Big banks’ share traders are raking it in right now. Sure, stock market indexes have been flying high, but it’s been far from certain in recent years that traditional Wall Street firms would reap the benefits with electronic market makers storming the zone.
Despite the blistering growth of these rivals, the equities desks at Goldman Sachs Group Inc. and Morgan Stanley made record revenue last year, the banks reported Thursday. The question now is whether the industry is at a peak.
Investors would be forgiven a touch of vertigo, but there are areas still due a recovery, including new listings, that should help buoy trading this year. Beyond 2026, however, a return to earth looks likely.
The sheer amount of money banks are making in stock markets is remarkable. Goldman’s $16.5 billion of revenue from equities alone was $3 billion greater than in 2024. It is also only marginally lower than the $17.1 billion combined haul of the four biggest European banks in 2024.
Morgan Stanley’s equities business grew 28% to $15.6 billion last year, also a record. JPMorgan Chase & Co. reported the strongest percentage revenue rise, up 29% versus 2024, while Bank of America Corp. and Citigroup Inc. also saw healthy growth.

The fact that these businesses are so strong even as electronic upstarts such as Jane Street LLC and Citadel Securities enjoy a boom illustrates a point I’ve made before: These two groups don’t compete directly in much of their business. Investment banks are increasingly focused on lending to hedge funds and other proprietary traders as well as selling more complex and higher margin derivatives.
At Goldman, the only bank to disclose what it makes from financing other traders, the lending side of the equities business was 44% of total revenue in 2025, up from 41% in 2024. On Wednesday, Citigroup flagged the greater share of revenue it now gets from financing in markets, although it doesn’t report specific numbers.
Prime brokerage, as this business is known, has become popular with the rise of very large multi-strategy hedge funds and because it’s meant to be a more durable source of revenue than matching buyers and sellers. Also, the fast-growing non-banks are more likely to be borrowers, they don’t make loans themselves.
But funding hedge funds is still a cyclical business. Fees are directly linked to stock market valuations because when share prices rise, the size of loans and the interest on them grows, too. Also, in buoyant markets, leveraged funds will take more risk, borrowing more relative to their capital. A big drop in markets can lead to both elements unwinding — sometimes dramatically.

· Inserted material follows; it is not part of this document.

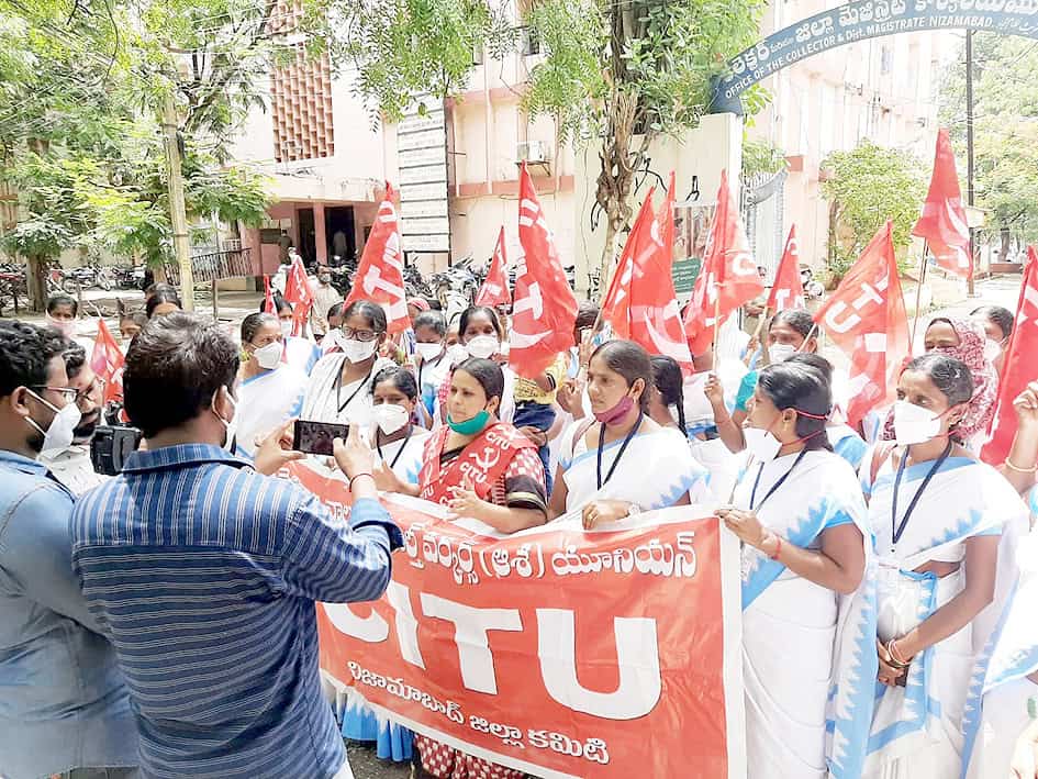 نظام آباد: سی آئی ٹی یو کی جانب سے آشا ورکرس ، کمیونٹی ہیلت ورکرس ، والینٹرس کے مطالبات کی یکسوئی کا مطالبہ کرتے ہوئے کلکٹریٹ پر دھرنا دیا گیا

Traditional Wall Street has also leaned heavily into structuring derivatives for big clients — another service electronic market makers don’t offer. Some of this activity is essentially like running a fund management business on trading desks. So-called quantitative investment strategies have become a huge business where traders use derivatives to create cheap versions of hedge fund offerings and sell them to clients. Globally, banks were forecast to make about $8.5 billion in revenue from this business in 2025, according to International Financing Review, the trade magazine.
But just like traditional asset management, QIS fees will rise and fall with stock prices; fees are linked to the value of the trades and investors tend to pull money out of markets when they’re heading in the wrong direction.

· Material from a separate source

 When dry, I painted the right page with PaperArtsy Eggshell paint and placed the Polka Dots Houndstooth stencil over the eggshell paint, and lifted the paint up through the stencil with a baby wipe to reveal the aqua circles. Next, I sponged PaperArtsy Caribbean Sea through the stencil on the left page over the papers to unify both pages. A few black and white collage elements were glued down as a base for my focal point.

These desks build defensive strategies for clients, too, so some of this business should survive or even grow if technology and AI-related stocks do turn out to be in a bubble and markets suffer a big drop. But bankers don’t see that happening in 2026. In fact, there are reasons to expect another boost in the short term.
Initial public offerings from companies wanting to list on stock markets have yet to fully recover, and and there is a big crowd of private equity funds waiting to sell their portfolio businesses this year. That promises fees to investment bankers first, but traders should still benefit as investors reshuffle portfolios to buy into new stocks. Similarly, Morgan Stanley and Goldman executives predicted another rush of mergers and acquisitions in 2026 after last year produced the second biggest year for deals on record. This too could help stock traders to the extent that public companies are involved.
Big banks have arrested the long, slow decline in equities trading they experienced before the Covid pandemic and they have found new ways to make money where upstart competitors don’t operate. But the exuberance of stock markets right now can’t be ignored. If the records set by Goldman and Morgan Stanley in 2025 aren’t the peak, we are surely getting pretty close to it.